About 40% of us will be making New Year’s resolutions this year, but just 8% of us will achieve these resolutions according to research from the University of Scranton. After one week, 75% of us will still be on the right track, 71% of us after two weeks, 64% after one month, and 46% after six months.
As I’ve mentioned before, moderation is not a strength of most people. We are naturally drawn to extremes, and resolutions are not an exception to the rule. We either set too many resolutions or make our goals much too lofty. This is not an appropriate time to make, “go big or go home” a personal mantra. Take it from me – I would know. I made 30 resolutions every year for five years. Crazy.
You’ve likely heard of ‘SMART’ goals, but it’s never a bad thing to review, so here is what it stands for:
Specific – what exactly is it that you are trying to achieve?
Measurable – how will you know if you’re achieving the goal by measuring your success?
Achievable – is it a realistic goal and one that you have control over?
Relevant – is it applicable to your life and relevant to you right now?
Time-Bound – what is a realistic timeframe for achievement of this goal?
Here are some examples of crappy resolutions and recommendations to make them a little better:
Crappy Resolution: I’m going to lose weight. Better Resolution: I will lose ten pounds over the next six months and then maintain that loss for the rest of the year. I will weigh myself twice a week to stay focused.
Crappy Resolution: I’m going to get organized. Better Resolution: I’m going to spend one hour a week on Tuesdays, Thursdays, and Saturdays filling out my calendar and day planner, sorting mail and paying bills, and writing a menu and grocery list for the week. I will keep a record of weeks where I accomplish my goal.
Crappy Resolution: I’m going to spend less money, and save more money. Better Resolution: I’m going to stick to my budget of _________ dollars per month for entertainment, _____ dollars per month for clothing, and _________ dollars per month for home décor. I’m going to keep track of what I spend using an app.
All of these goals are specific, measurable, achievable, and time-bound. However, if you were setting these resolutions, only you would know if they were relevant to your life or not. Maybe you’re setting the resolution to lose ten pounds, but if you’re honest with yourself, you’re doing it because you feel like you should and not because you actually care. Maybe you’re setting yourself up for failure by saying that you’re going to spend time getting organized each week when your goal really should be to quit committing to help out with projects that your heart really isn’t in.
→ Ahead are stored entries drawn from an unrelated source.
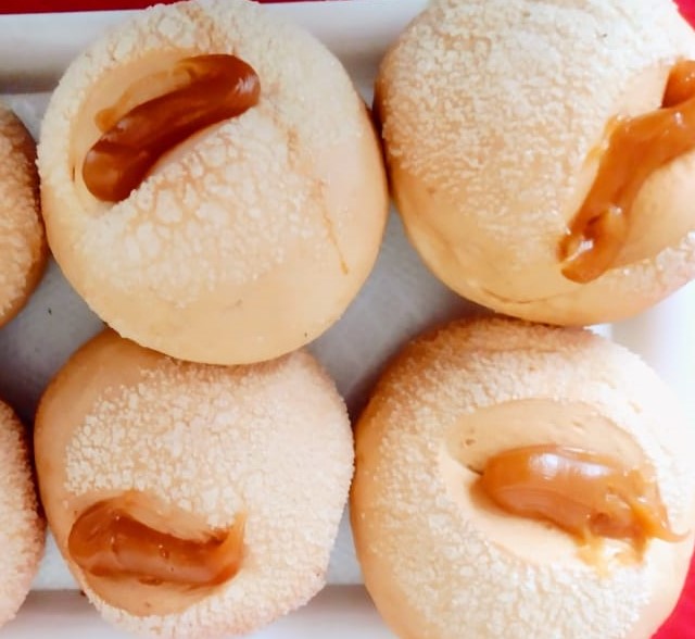 Pan elaborado con harina, huevos, cubiertos con azúcar y dulce de leche.
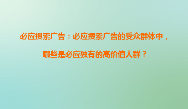 2025-10-30必應(yīng)搜索引擎競價推廣的核心優(yōu)勢與標(biāo)題內(nèi)容深度解析 一、必應(yīng)競價推廣的精準(zhǔn)流量優(yōu)勢 必應(yīng)搜索作為全球第二大搜索引擎,其廣告系統(tǒng)(MicrosoftAdvertising)覆蓋Windows系統(tǒng)內(nèi)置搜索、Edge瀏覽器及Office...
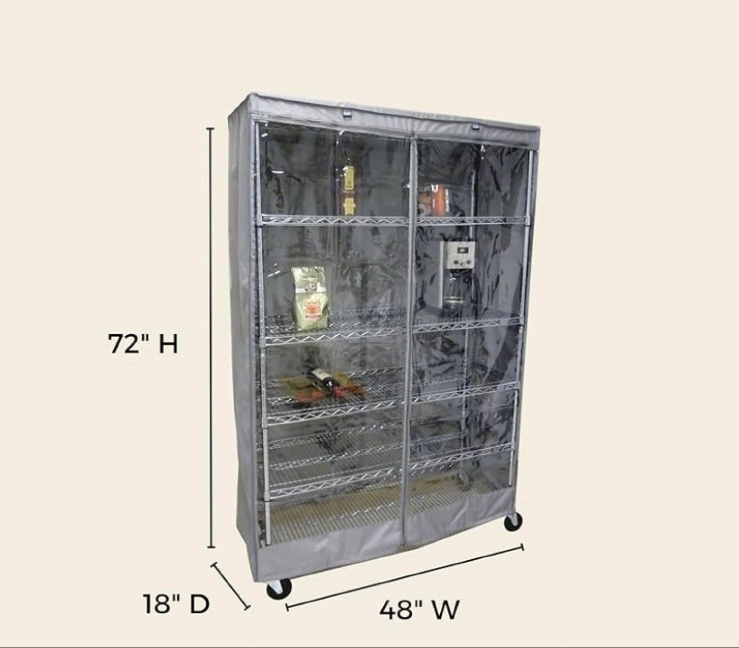 Heavy-duty rolling shelving unit. Features a fabric cover with clear vinyl panels. Unique T-zipper design. Two straps included to roll up the front or back panel. Measures 72"H x 48"W x 18"D.
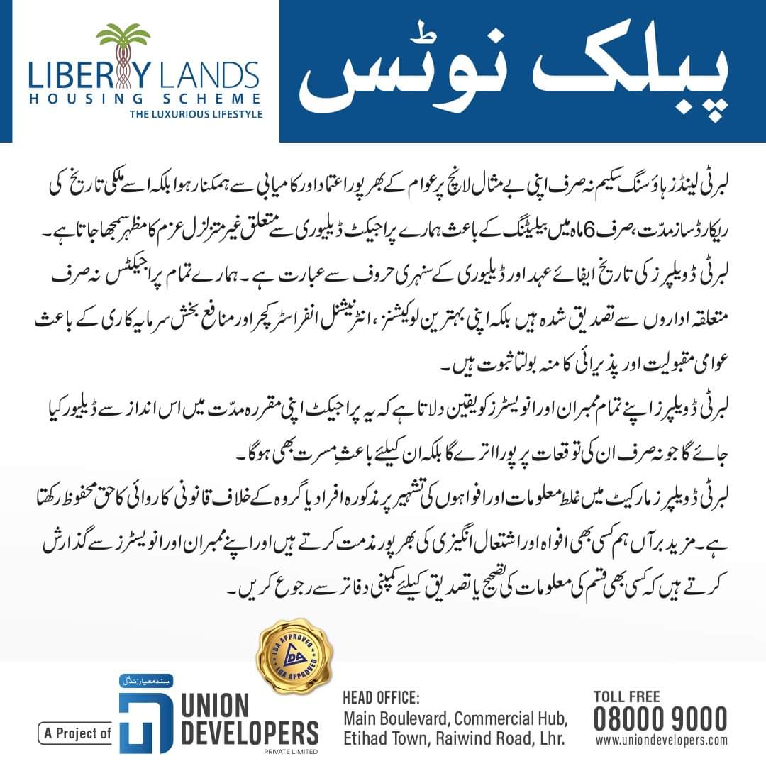 Liberty Lands Lahore New Booking Price 37.75 Lacs 5 Marla Residential Down Payment 6.95 Lacs (Seller at -1.00 Lacs | Buyer at -1.10 Lacs)
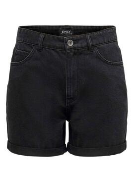 Short Only. Modello vegano. Mamma in forma. Colore nero. Con doppi. Chiusura con bottone e cerniera. per passanti per cintura. Laterali Tasca. High rise. La modella indossa la taglia S.
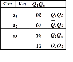 Кодированная таблица выходов является табличным описанием системы булевых функций, реализуемых схемой КСвых . Кодированная таблица переходов только после переработки с использованием матрицы переходов для заданного типа триггеров будет называться кодированной таблицей возбуждений и соответствовать описанию комбинационной схемы КСвх.

Maybe if you do that and free up some time and space in your head, you’ll become more organized as a result.
Make it easy on yourself. This is going to be hard enough without you making it more difficult than necessary. Pack your gym bag the night before, make a big batch of something healthy on Sunday that you can eat for lunch all week, put a basket on the table to corral your mail as soon as you bring it into the house, or block out time on your calendar to do whatever it is that you want to do.
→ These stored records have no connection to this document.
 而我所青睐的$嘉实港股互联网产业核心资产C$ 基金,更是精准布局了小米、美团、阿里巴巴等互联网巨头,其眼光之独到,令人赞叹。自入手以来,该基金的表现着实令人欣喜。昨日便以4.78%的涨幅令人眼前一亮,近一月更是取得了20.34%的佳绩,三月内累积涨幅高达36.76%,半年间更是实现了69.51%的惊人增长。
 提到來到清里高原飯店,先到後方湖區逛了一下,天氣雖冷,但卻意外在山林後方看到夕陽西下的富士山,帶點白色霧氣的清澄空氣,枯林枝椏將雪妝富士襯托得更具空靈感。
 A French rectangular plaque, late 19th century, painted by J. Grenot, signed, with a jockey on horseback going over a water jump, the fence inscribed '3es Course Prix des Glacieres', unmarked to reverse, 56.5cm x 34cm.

For every resolution, picture yourself practicing it one year from now. Does the idea of it make you chuckle? Do you inwardly groan, “yeah, right, that will happen”? If so, this probably isn’t the best resolution for you, and you should reconsider. It definitely helps if you are able to link your resolution to a core value of yours – for example, happiness, family, freedom, or pleasure. Focus on the broader goal. You’re not just losing 10 pounds. You’re losing ten pounds so that you will feel healthier and be able to enjoy your life more.
When people fail to achieve their resolution, whether one week in January or at the end of August, they almost always blame their own lack of willpower. They make it about some personal character flaw and in the process drag their self-esteem through the mud…which makes it much less likely that they will get back on that horse and try again. This sort of mindset tends to be self-fulfilling; if you believe that you don’t have willpower around sweets, guess who’s going to grab a candy bar at the checkout line tomorrow? That’s why it’s critically important that you continue to gauge your progress and focus on what you’ve already accomplished every single day.
Your resolution is not a failure as soon as you slip up. It’s not like you can just say, “Ah well, then, I’ll just try again next year” and slip out for a smoke, buy a box of Twinkies, or order another mojito. We are going to mess up. Ok, I’ll rephrase. Most likely, most of us will slip up or at the very least will be extremely tempted to screw up. It will be OK though because we will have a concrete plan of what to do when it happens. We know that this is a marathon and not a sprint. It helps that we made SMART resolutions and didn’t do anything stupid like decide to go running every morning at 5 a.m. when we know that we are probably going to hit snooze no less than ten times most days of the week. No, that would be self-destructive! We didn’t set 30 resolutions, did we? Hell no. We are going to be just fine.
Some people would argue that the most critical aspect of setting resolutions is not whether you ultimately achieve your goal, but that you’ve taken the time to evaluate your life and recognize that change and growth are an essential part of happiness and success. Merely setting a resolution, before we’ve even taken the first concrete step towards achieving our goal, makes us feel more hopeful and in control of our life. That is the whole point.